Despite a slight uptick, the 3.2 percent inflation for May remains to be within the government’s target while coinciding well within the latest 2.8 to 3.6 forecast range of the Bangko Sentral ng Pilipinas (BSP) .
BSP Governor Benjamin Diokno expressed his confidence that price pressures will continue to moderate in the succeeding months.
“One data point does not constitute a trend. That’s elementary,” Diokno said in a text message.
“Looking ahead, we expect inflation to be in the neighborhood of two percent in the third quarter of 2019. With world oil prices easing, we expect the annual inflation rate to be in the vicinity of three percent in 2019 and 2020,” he added.
BSP Deputy Governor Diwa Guinigundo attributed this development to the observed incline in both food prices and cost of utilities, to which he noted to be “generally temporary.”
“Two major factors were behind this acceleration of inflation for May. One is higher food inflation particularly fish, fruits and vegetables due to the continuing dry conditions. And two, utilities including housing also contributed to the uptick,” Guinigundo said in a text message.
“The only risk is when the uptick gets prolonged and starts generating second round effects and higher inflationary expectations especially in the face of the heavy catch up on public spending on infrastructure in the second half,” he added.

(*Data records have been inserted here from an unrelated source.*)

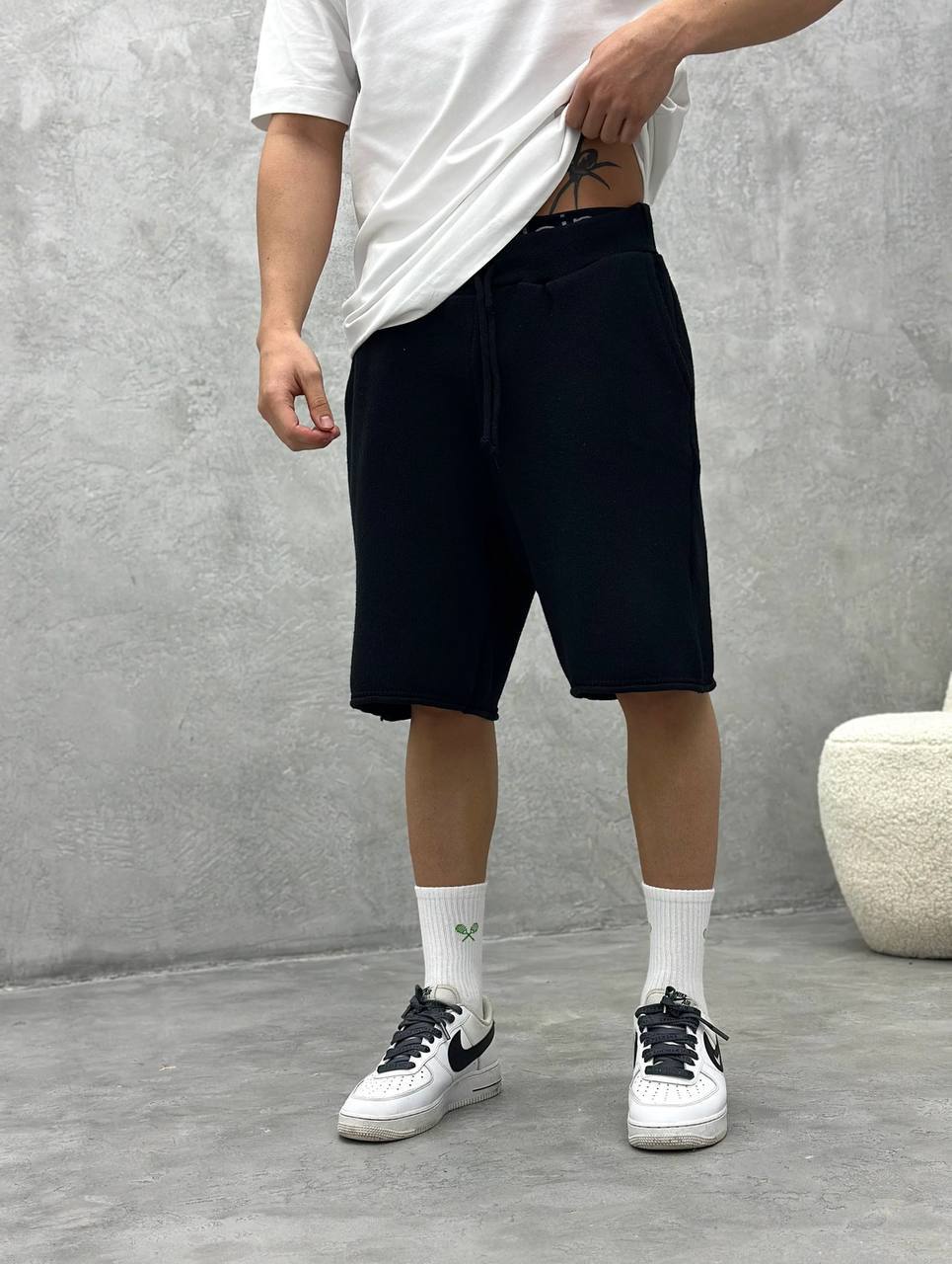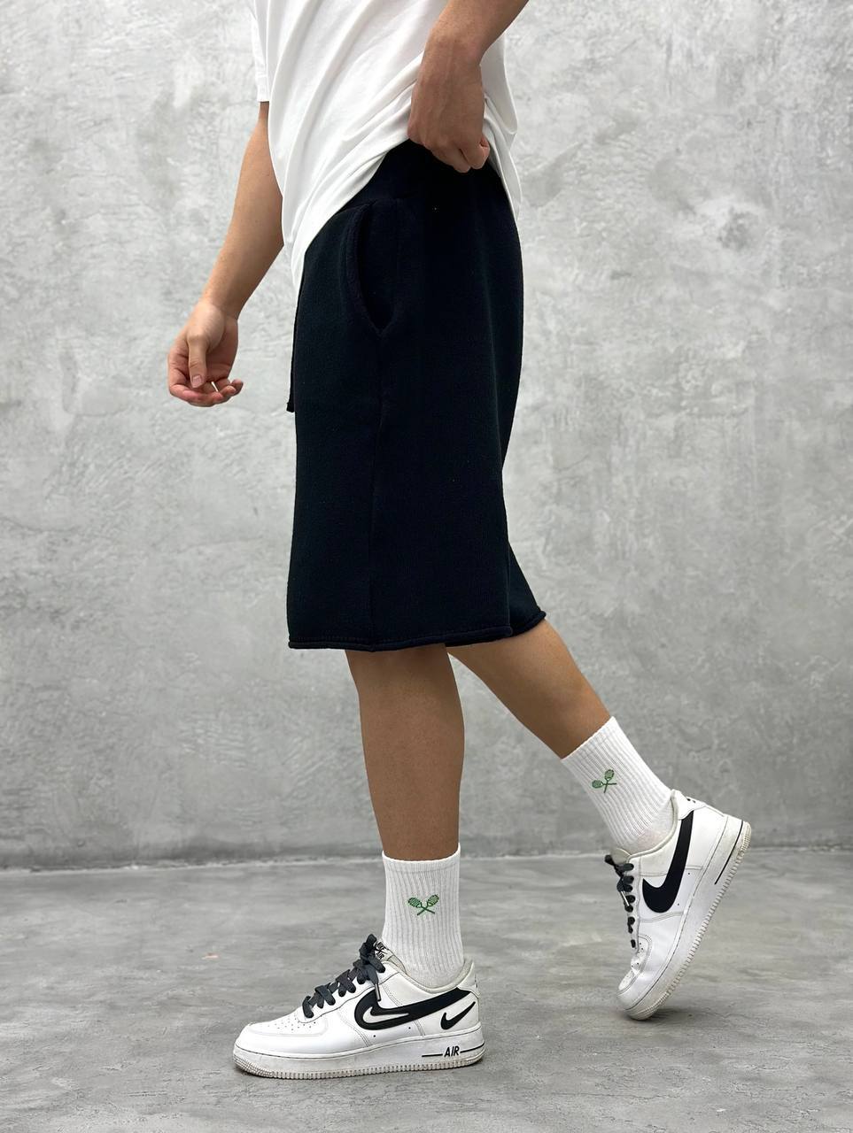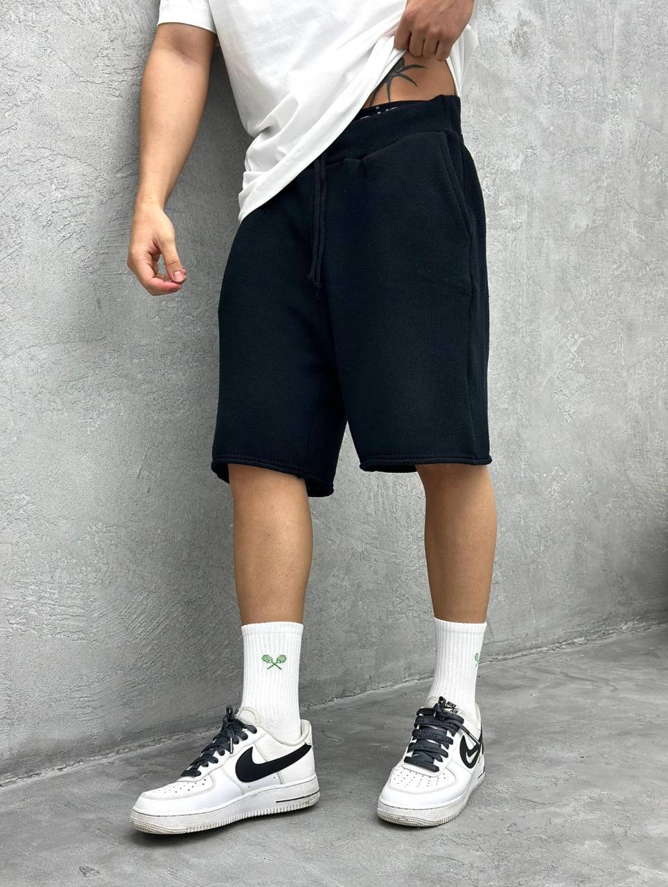 Мужские Летние Вязаные Черные Шорты Свободного Кроя со Шнурком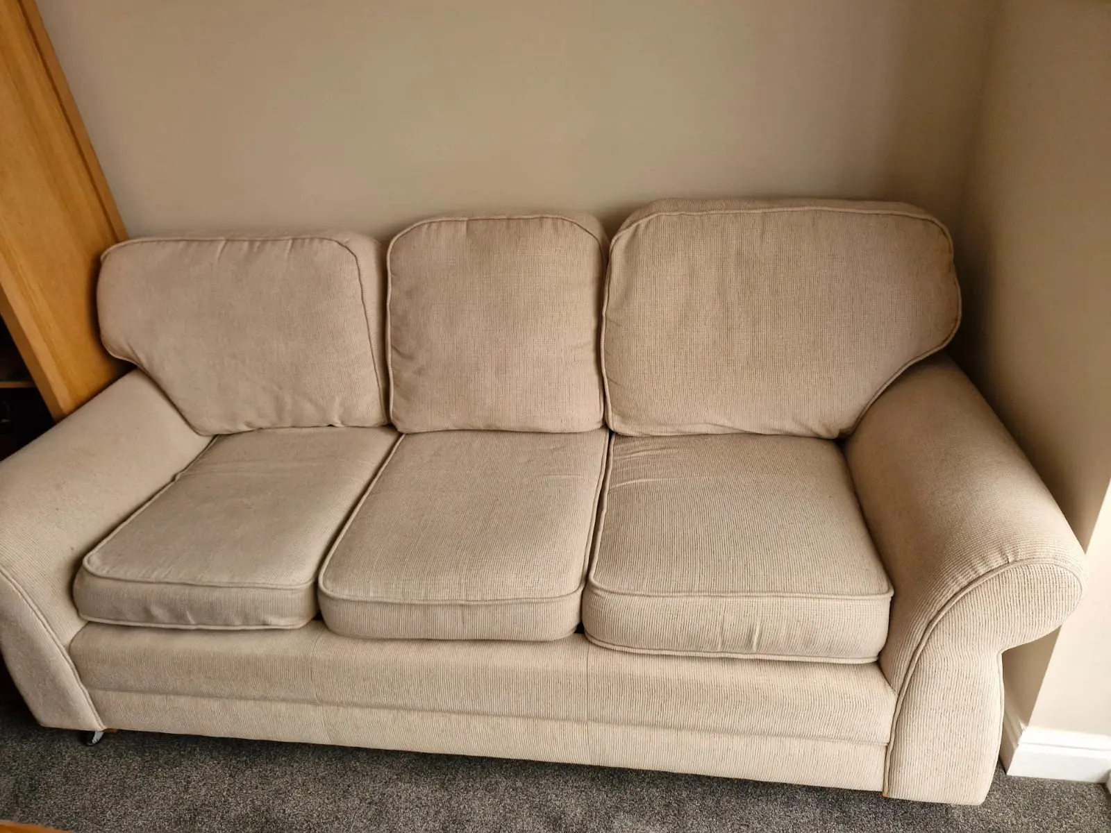 The sofa and chair I bought was as described by the seller - excellent condition. Delivery was quickly arranged and without any incidents. I was kept well informed of the delivery time on the day. Highly recommended.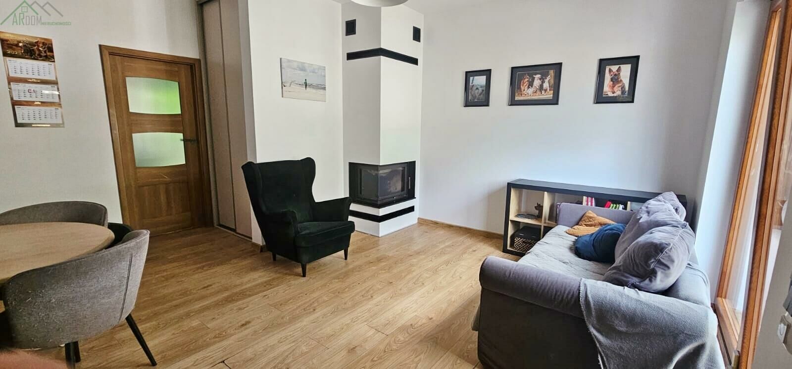 a w domu znajdziesz także kominek, klimatyzację z funkcją chłodzenia i ogrzewania oraz grzejniki kanałowe w każdym pokoju,
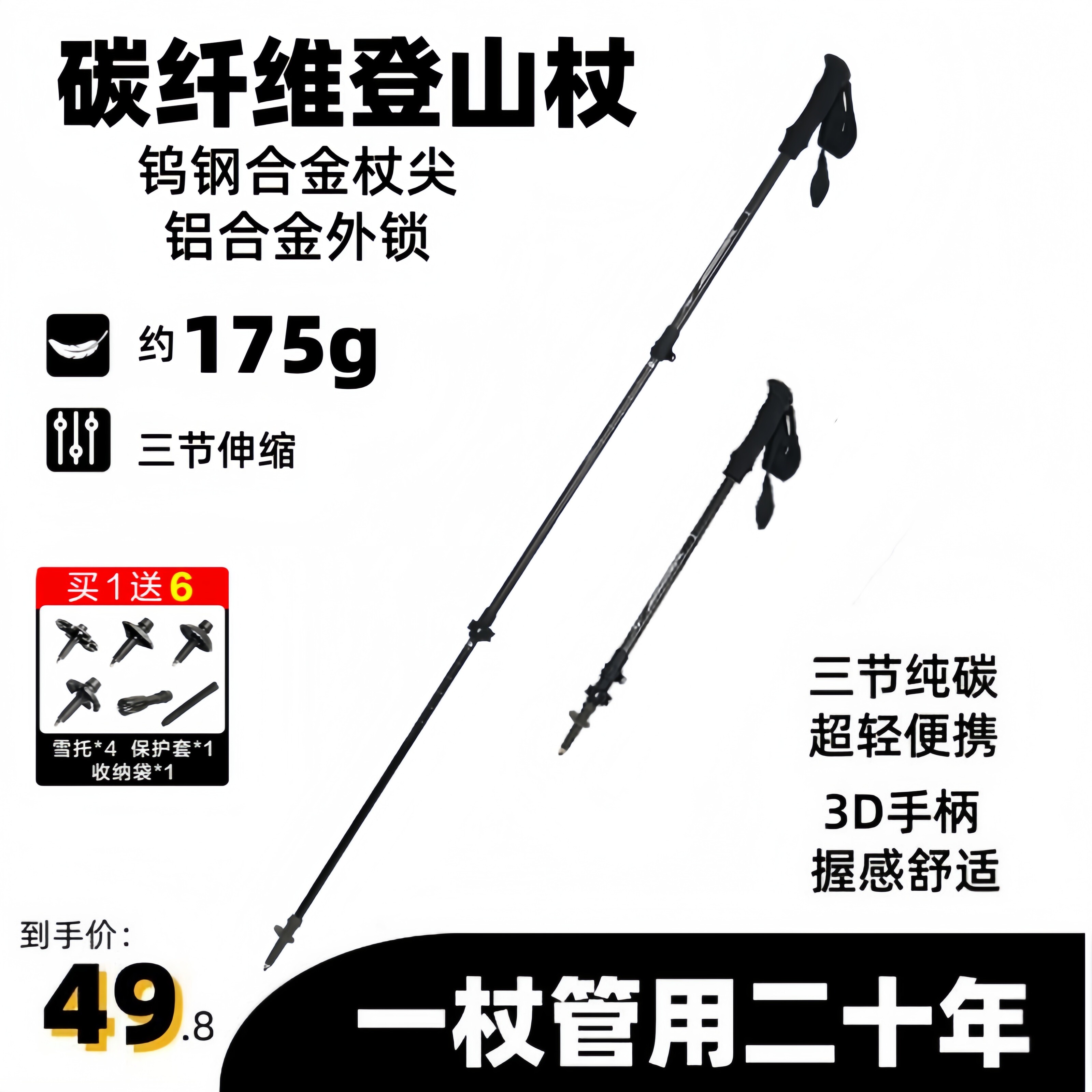 - 登山杖 碳素 超轻
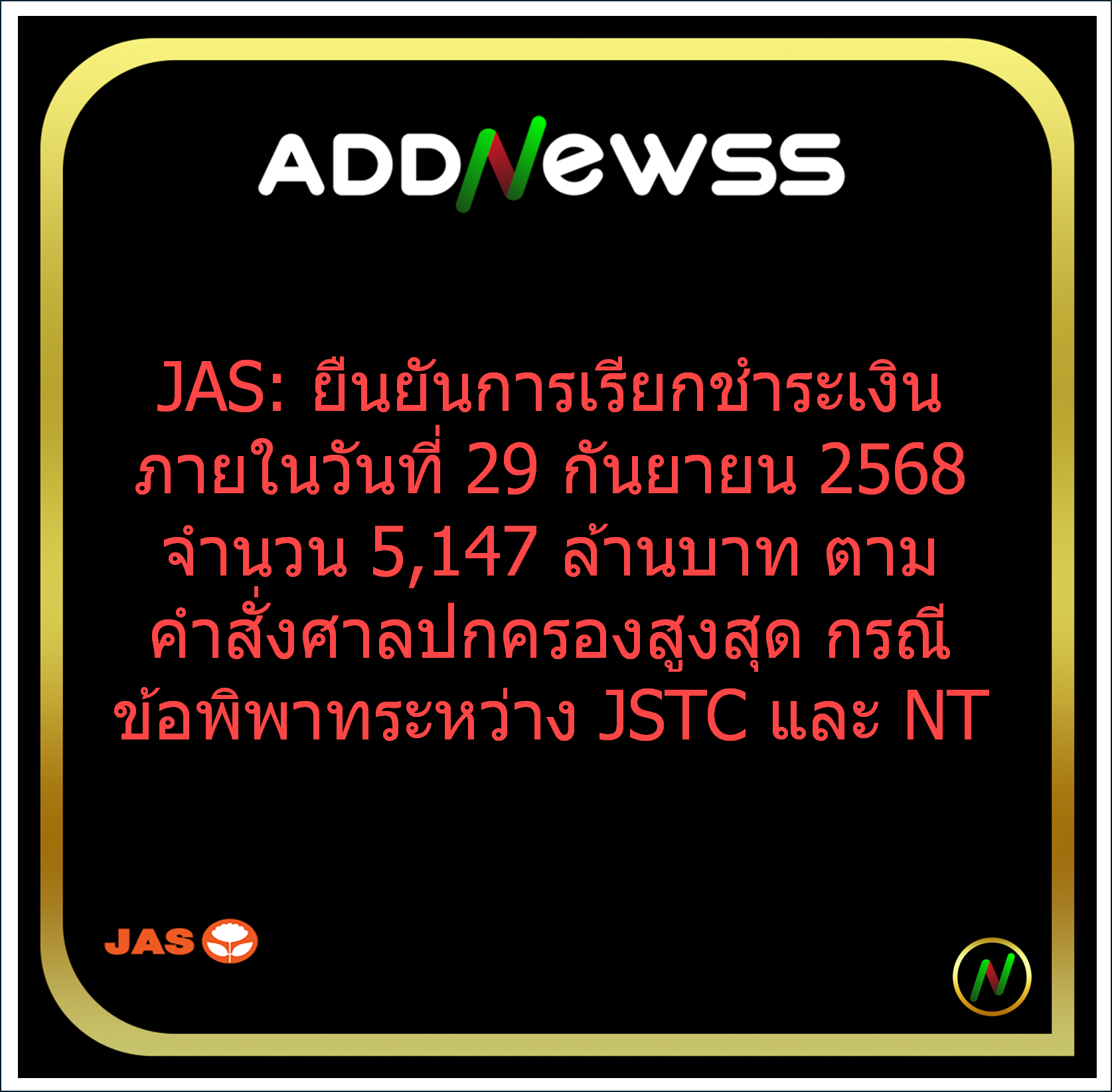IQ > JAS: ยืนยันการเรียกชำระเงินภายในวันที่ 29 กันยายน 2568 จำนวน 5,147 ล้านบาท ตามคำสั่งศาลปกครองสูงสุด กรณีข้อพิพาทระหว่าง JSTC และ NT
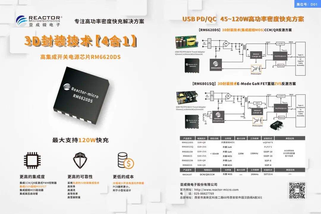 亚成微电子是一家专注高功率密度快充解决方案的公司,本次展会上带来了45-120W的高功率密度PD快充解决方案,其中RM6620DS采用3D封装技术,内部集成超结MOS管,采用QFN8*8封装,高集成度简化电路设计,同时3D封装技术可提高导热量和效率,实现更高的可靠性,同时高度集成的芯片还可大幅减少开关电源元件数量,从而降低成本。亚成微还有多款驱动芯片,可驱动外置GaN或者MOS。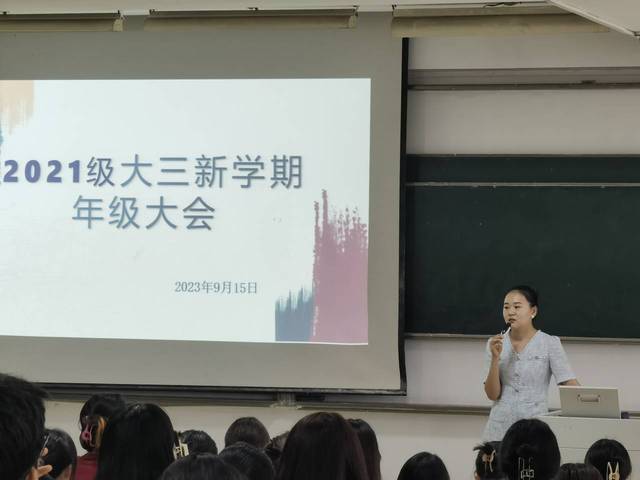 为帮助同学们提早规划本科毕业后的发展路径,2023年9月15日下午,在教2-102召开2021级学情分析年级大会。会议由2021级辅导员胥璐老师主持,全体2021级员工参会。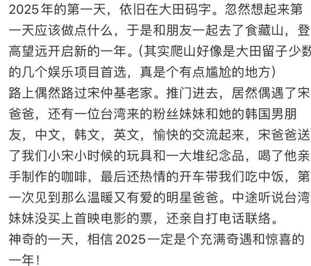 1 月 5 日本,有网友分享了去韩国演员宋仲基田地老家登山的消息。幸运的是,网友们偶然遇到了宋仲基的父亲,参观了宋仲基曾经住过的地方。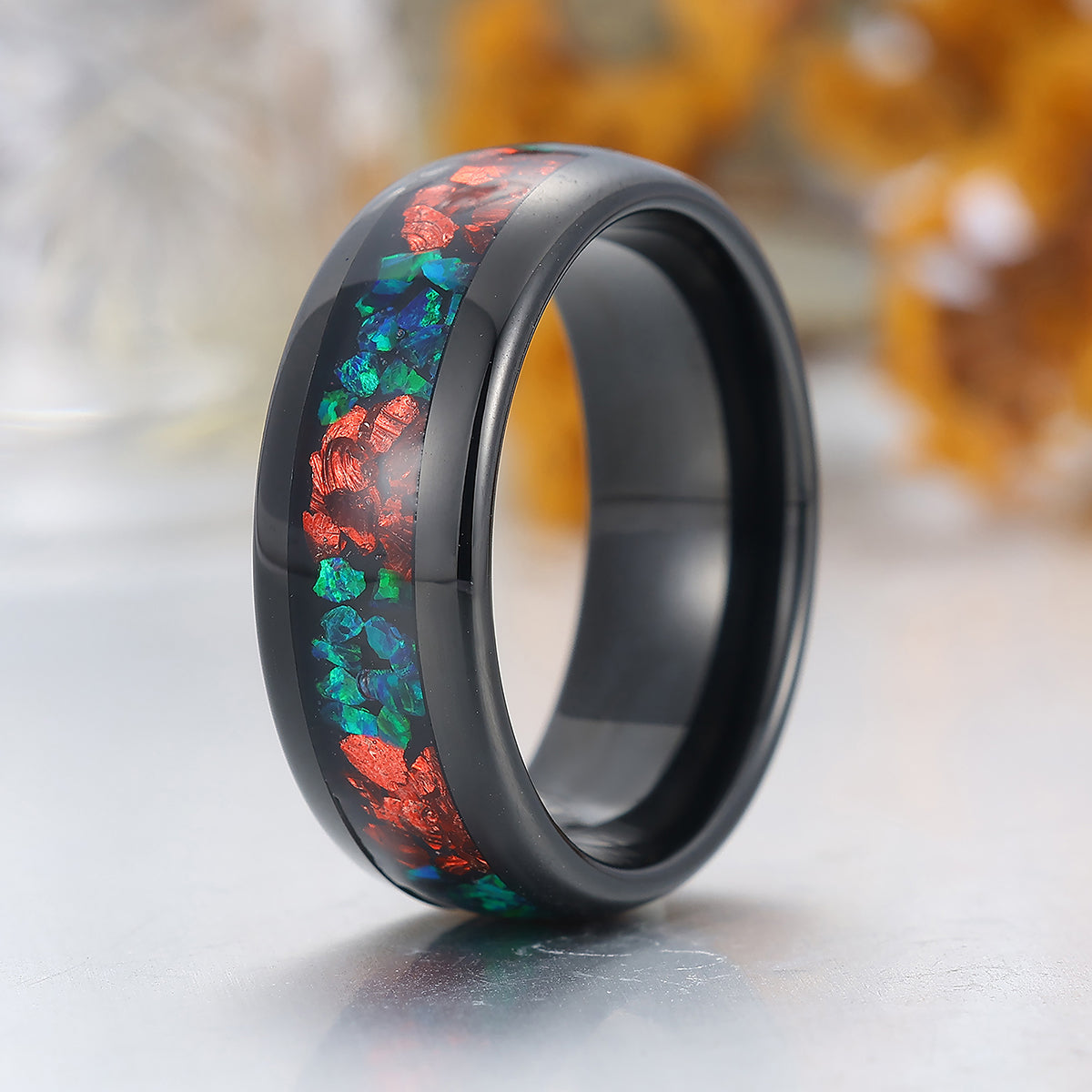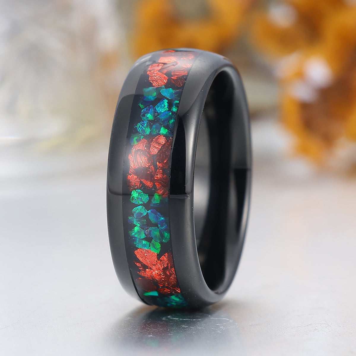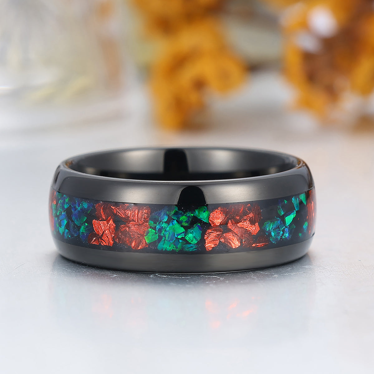 Metal Type: Tungsten Carbide - Crushed Lab Ruby and Peacock Green Opal Inlay - Hypoallergenic

At the Rizal Commercial Banking Corp., lead economist Michael Ricafort owed the slight increase in inflation to the same factor while noting on the resumption of its decline in the near-term.
“Inflation rate in the coming months of 2019 may likely resume its easing trend largely due to the bigger inflation denominator/base effects. Any further increase in rice imports with the removal of volume limits on imported rice under the Rice Tariffication Law may lead to higher local supply of rice,” Ricafort said noting on the increased supply to contribute in declining price pressures as it accounts for about a tenth of the inflation basket.
RRR cut still on, timing remains of the essence
In terms of the execution of the reserve requirement ratio (RRR) cuts for banks, Guinigundo said that it will remain on the table, echoing the BSP chief’s earlier commitment to reduce RRR.
“On RRR, the Governor has been quite categorical that the goal to reduce it to lower levels stays but the pace of the reduction will be governed by both data and evidence,” the BSP executive said.
“So BSP will continue to monitor key developments and indicators to guide the next steps moving forward,” he added.
Union Bank of the Philippines chief economist Carlo Asuncion shared the same sentiment as he noted on the central bank’s data dependence and its commitment to proper timing.
“With regard to further RRR cuts, timing will be very critical. BSP would need more data moving forward particularly on medium- to longer-term global oil prices,” Asuncion said.
According to the analyst, should inflation print for May had been lower, they would have expected a 25 basis point cut in key policy rates by the third quarter or even within the second quarter but with this outcome, they now see this outlook to manifest in the last quarter of 2019.